Restate the listing below word for word, omitting any images.

EXERCISE MATERIALS:
——————————

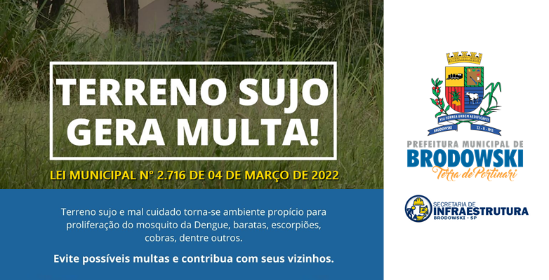 Seguindo as determinações da LEI MUNICIPAL N° 2.716 DE 04 DE MARÇO DE 2022, todo proprietário de terreno tem a obrigação de manter a limpeza de seu terreno, estando prevista multa em caso de descumprimento após notificação recebida no prazo de 15 dias com aviso e publicação em site oficial e veículos de comunicação da Prefeitura de Brodowski.
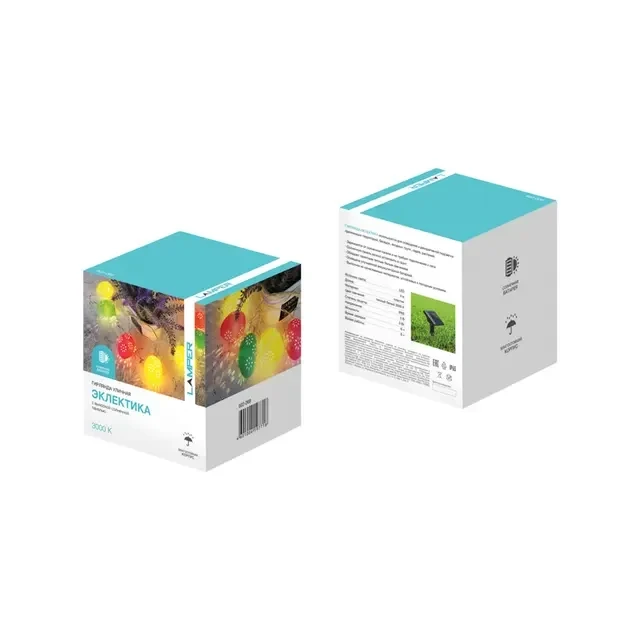 Садовая гирлянда (каскад) Эклектика LAMPER - это оптимальное решение для украшения территории загородного дома, дачи или декорирования пространства перед торжеством. Изделие оснащено солнечной панелью и аккумулятором: заряжается днем в течение 6 часов, а с наступлением темноты дарит приятное холодное белое свечение на протяжении 6 часов. Устройство не требует прокладки проводов и дополнительных элементов установки. 10 разноцветных яйцеобразных фонариков расположены на шнуре длиной 4 м. Так, гирлянда легко крепится в любом месте. При этом панель незаметно размещается по соседству. Ее можно положить на плоскую поверхность или вставить в грунт (в комплекте идет прочный пластиковый колышек). Каскад имеет высокий уровень пыле- и влагозащиты IP65, поэтому может использоваться в непогоду без навеса.
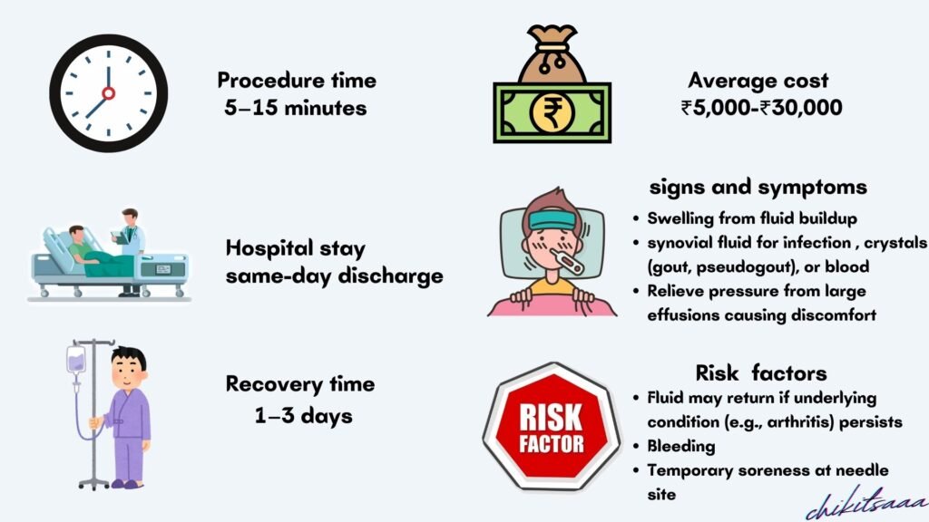 Joint aspiration, or arthrocentesis, is a procedure where a needle is inserted into a joint to remove fluid for diagnostic purposes (e.g., infection, gout) or to relieve pressure and pain from fluid buildup (e.g., effusion). It’s commonly performed on joints like the knee, shoulder, or ankle. In India, arthrocentesis is done in orthopedic or rheumatology departments at hospitals like Apollo, Fortis, Medanta, and AIIMS, often at affordable costs. Understanding the procedure, costs, recovery, risks, and FAQs is essential for patients.
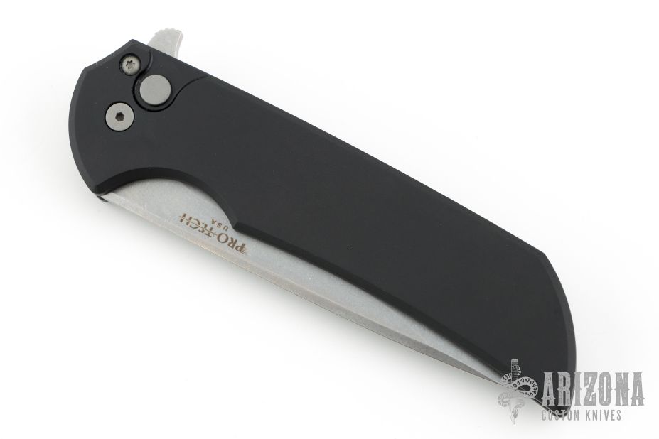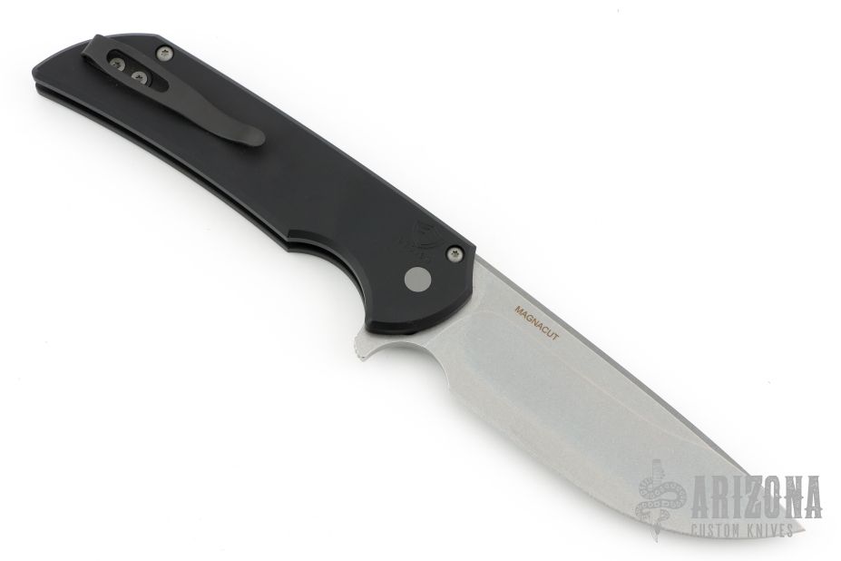 This Mordax by Pro-Tech is a Ferrum Forge design and features a stonewashed drop point blade. The handle has a black aluminum frame with black tip up stainless steel clip. Comes with original box, pouch and papers. Excellent condition.
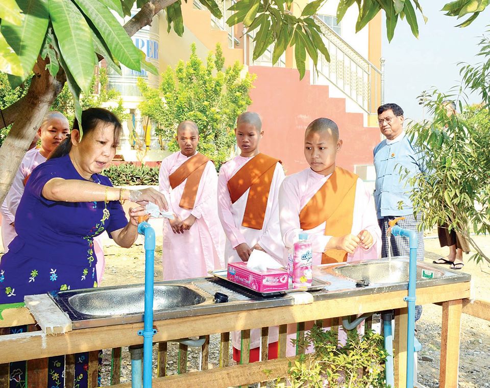 Dr San San Aye, the Director-General of Social Welfare Department, and officials demonstrated washing hands.

——————————

RESPONSE FOR THIS EXERCISE:
 Seguindo as determinações da LEI MUNICIPAL N° 2.716 DE 04 DE MARÇO DE 2022, todo proprietário de terreno tem a obrigação de manter a limpeza de seu terreno, estando prevista multa em caso de descumprimento após notificação recebida no prazo de 15 dias com aviso e publicação em site oficial e veículos de comunicação da Prefeitura de Brodowski.
 Садовая гирлянда (каскад) Эклектика LAMPER - это оптимальное решение для украшения территории загородного дома, дачи или декорирования пространства перед торжеством. Изделие оснащено солнечной панелью и аккумулятором: заряжается днем в течение 6 часов, а с наступлением темноты дарит приятное холодное белое свечение на протяжении 6 часов. Устройство не требует прокладки проводов и дополнительных элементов установки. 10 разноцветных яйцеобразных фонариков расположены на шнуре длиной 4 м. Так, гирлянда легко крепится в любом месте. При этом панель незаметно размещается по соседству. Ее можно положить на плоскую поверхность или вставить в грунт (в комплекте идет прочный пластиковый колышек). Каскад имеет высокий уровень пыле- и влагозащиты IP65, поэтому может использоваться в непогоду без навеса.
 Joint aspiration, or arthrocentesis, is a procedure where a needle is inserted into a joint to remove fluid for diagnostic purposes (e.g., infection, gout) or to relieve pressure and pain from fluid buildup (e.g., effusion). It’s commonly performed on joints like the knee, shoulder, or ankle. In India, arthrocentesis is done in orthopedic or rheumatology departments at hospitals like Apollo, Fortis, Medanta, and AIIMS, often at affordable costs. Understanding the procedure, costs, recovery, risks, and FAQs is essential for patients.
 This Mordax by Pro-Tech is a Ferrum Forge design and features a stonewashed drop point blade. The handle has a black aluminum frame with black tip up stainless steel clip. Comes with original box, pouch and papers. Excellent condition.
 Dr San San Aye, the Director-General of Social Welfare Department, and officials demonstrated washing hands.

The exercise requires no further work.